*Activity*. Please write out exactly the line containing "전반 픽업 캐릭터 이졸데의" below and every line after it, through the last one, but leave out any pictures.

*Stored data*.

Segment Open

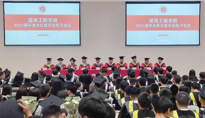 7月8日上午,建筑工程学院在龑江学村B区学术报告厅举办2023届毕业典礼暨学位授予仪式。学校校长助理、建筑工程学院院长陈堂,学院副院长孙芙蓉、党总支副书记张东国、各系部主要负责人、学院教师代表、2023届毕业班辅导员以及四百多名毕业生参加此次毕业典礼。党总支副书记张东国主持会议。
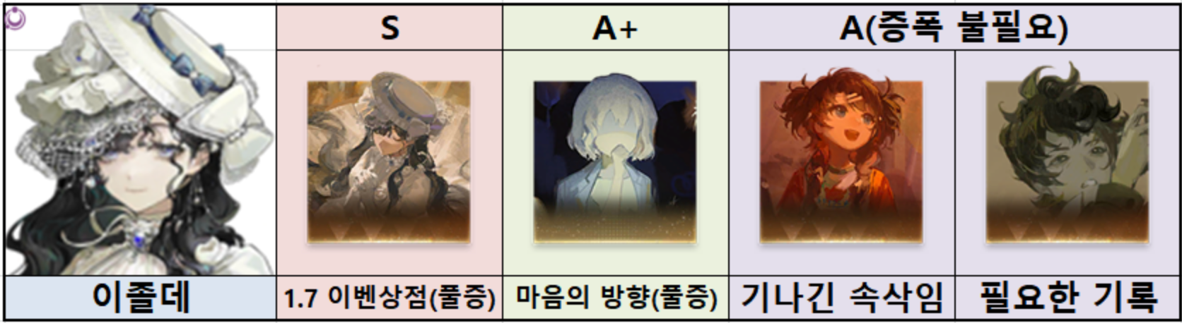 전반 픽업 캐릭터 이졸데의
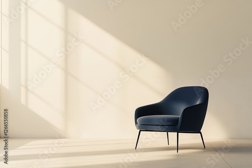 ミニマルな空間に映えるネイビーブルーのエレガントチェア | Elegant Navy Blue Chair in Minimalist Space

Segment Closed

*Response area*.
 전반 픽업 캐릭터 이졸데의
 ミニマルな空間に映えるネイビーブルーのエレガントチェア | Elegant Navy Blue Chair in Minimalist Space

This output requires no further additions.